Task ->
All of the entries below need repeating exactly, apart from their images.

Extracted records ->

Content starts

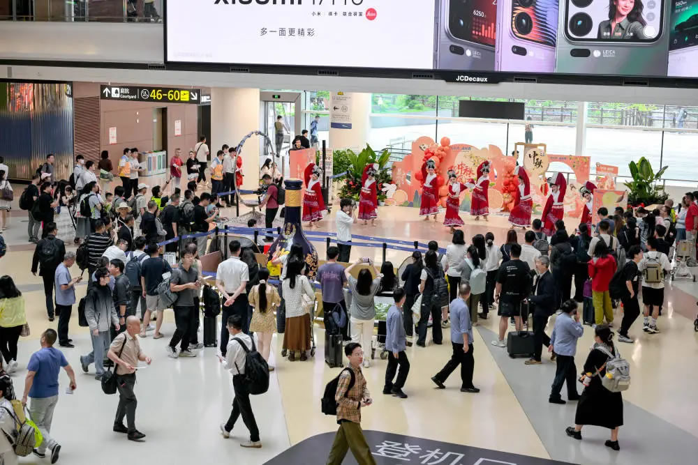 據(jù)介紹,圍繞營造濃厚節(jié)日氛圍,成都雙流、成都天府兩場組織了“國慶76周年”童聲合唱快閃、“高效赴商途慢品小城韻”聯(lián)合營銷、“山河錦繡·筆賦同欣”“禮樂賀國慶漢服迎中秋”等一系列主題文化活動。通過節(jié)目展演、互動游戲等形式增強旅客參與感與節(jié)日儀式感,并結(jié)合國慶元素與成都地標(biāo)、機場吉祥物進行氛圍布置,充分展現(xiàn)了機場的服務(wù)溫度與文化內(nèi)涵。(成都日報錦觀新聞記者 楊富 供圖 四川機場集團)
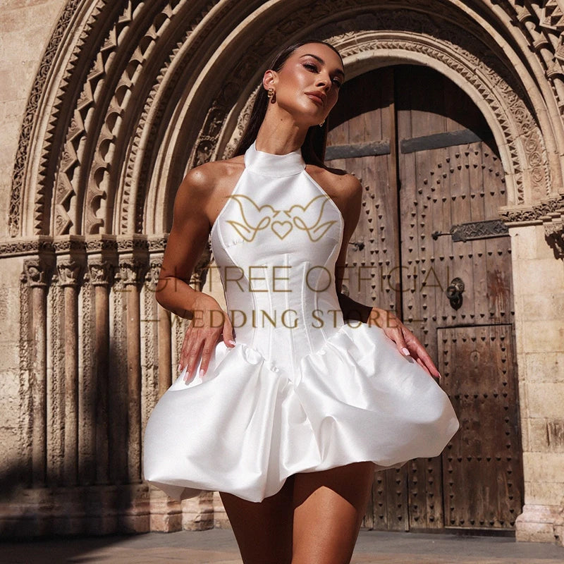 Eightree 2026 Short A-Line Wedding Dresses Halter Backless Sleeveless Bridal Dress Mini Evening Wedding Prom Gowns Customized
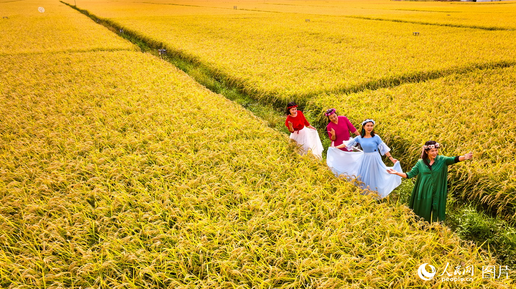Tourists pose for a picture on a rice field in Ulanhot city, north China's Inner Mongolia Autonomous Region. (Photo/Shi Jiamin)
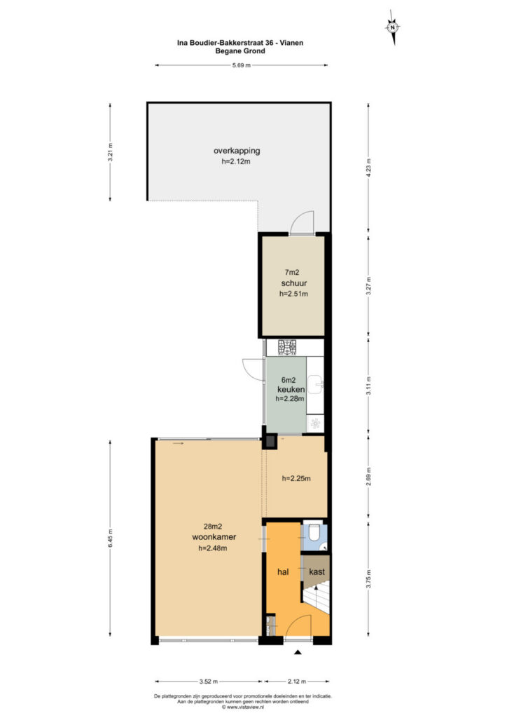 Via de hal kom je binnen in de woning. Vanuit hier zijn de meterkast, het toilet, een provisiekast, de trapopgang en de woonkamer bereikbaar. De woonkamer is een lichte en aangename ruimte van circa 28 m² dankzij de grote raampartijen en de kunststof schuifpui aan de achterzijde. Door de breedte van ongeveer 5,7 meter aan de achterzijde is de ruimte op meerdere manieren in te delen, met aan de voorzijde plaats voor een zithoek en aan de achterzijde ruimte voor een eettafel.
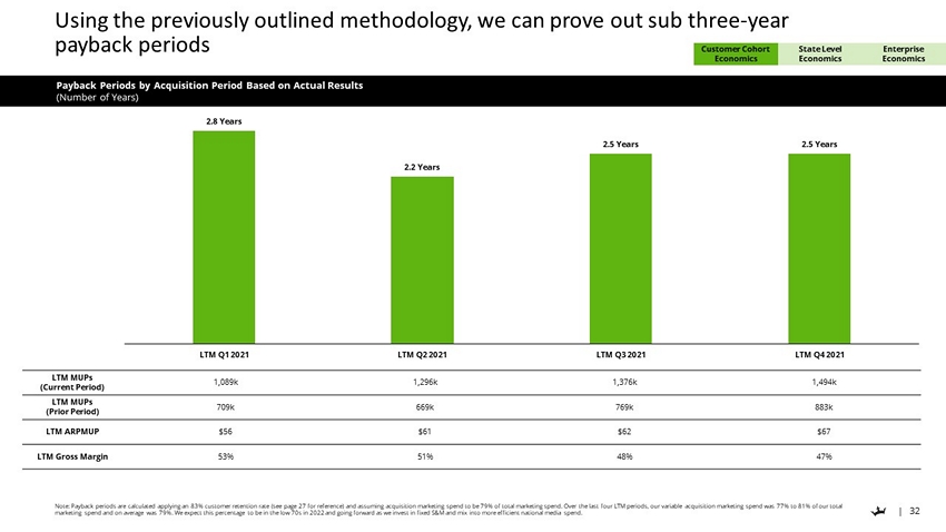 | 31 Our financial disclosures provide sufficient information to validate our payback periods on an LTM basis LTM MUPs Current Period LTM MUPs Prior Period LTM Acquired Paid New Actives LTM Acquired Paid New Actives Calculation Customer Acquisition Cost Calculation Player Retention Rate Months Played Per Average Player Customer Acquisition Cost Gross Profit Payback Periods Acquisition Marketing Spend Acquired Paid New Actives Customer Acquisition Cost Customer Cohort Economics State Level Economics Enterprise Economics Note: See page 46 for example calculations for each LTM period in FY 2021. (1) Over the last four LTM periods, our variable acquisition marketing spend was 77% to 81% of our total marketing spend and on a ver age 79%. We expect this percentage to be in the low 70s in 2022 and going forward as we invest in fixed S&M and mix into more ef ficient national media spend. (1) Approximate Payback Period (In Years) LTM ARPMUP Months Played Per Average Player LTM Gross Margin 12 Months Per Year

Content ends

Response to this task ->
 據(jù)介紹,圍繞營造濃厚節(jié)日氛圍,成都雙流、成都天府兩場組織了“國慶76周年”童聲合唱快閃、“高效赴商途慢品小城韻”聯(lián)合營銷、“山河錦繡·筆賦同欣”“禮樂賀國慶漢服迎中秋”等一系列主題文化活動。通過節(jié)目展演、互動游戲等形式增強旅客參與感與節(jié)日儀式感,并結(jié)合國慶元素與成都地標(biāo)、機場吉祥物進行氛圍布置,充分展現(xiàn)了機場的服務(wù)溫度與文化內(nèi)涵。(成都日報錦觀新聞記者 楊富 供圖 四川機場集團)
 Eightree 2026 Short A-Line Wedding Dresses Halter Backless Sleeveless Bridal Dress Mini Evening Wedding Prom Gowns Customized
Tourists pose for a picture on a rice field in Ulanhot city, north China's Inner Mongolia Autonomous Region. (Photo/Shi Jiamin)
 Via de hal kom je binnen in de woning. Vanuit hier zijn de meterkast, het toilet, een provisiekast, de trapopgang en de woonkamer bereikbaar. De woonkamer is een lichte en aangename ruimte van circa 28 m² dankzij de grote raampartijen en de kunststof schuifpui aan de achterzijde. Door de breedte van ongeveer 5,7 meter aan de achterzijde is de ruimte op meerdere manieren in te delen, met aan de voorzijde plaats voor een zithoek en aan de achterzijde ruimte voor een eettafel.
 | 31 Our financial disclosures provide sufficient information to validate our payback periods on an LTM basis LTM MUPs Current Period LTM MUPs Prior Period LTM Acquired Paid New Actives LTM Acquired Paid New Actives Calculation Customer Acquisition Cost Calculation Player Retention Rate Months Played Per Average Player Customer Acquisition Cost Gross Profit Payback Periods Acquisition Marketing Spend Acquired Paid New Actives Customer Acquisition Cost Customer Cohort Economics State Level Economics Enterprise Economics Note: See page 46 for example calculations for each LTM period in FY 2021. (1) Over the last four LTM periods, our variable acquisition marketing spend was 77% to 81% of our total marketing spend and on a ver age 79%. We expect this percentage to be in the low 70s in 2022 and going forward as we invest in fixed S&M and mix into more ef ficient national media spend. (1) Approximate Payback Period (In Years) LTM ARPMUP Months Played Per Average Player LTM Gross Margin 12 Months Per Year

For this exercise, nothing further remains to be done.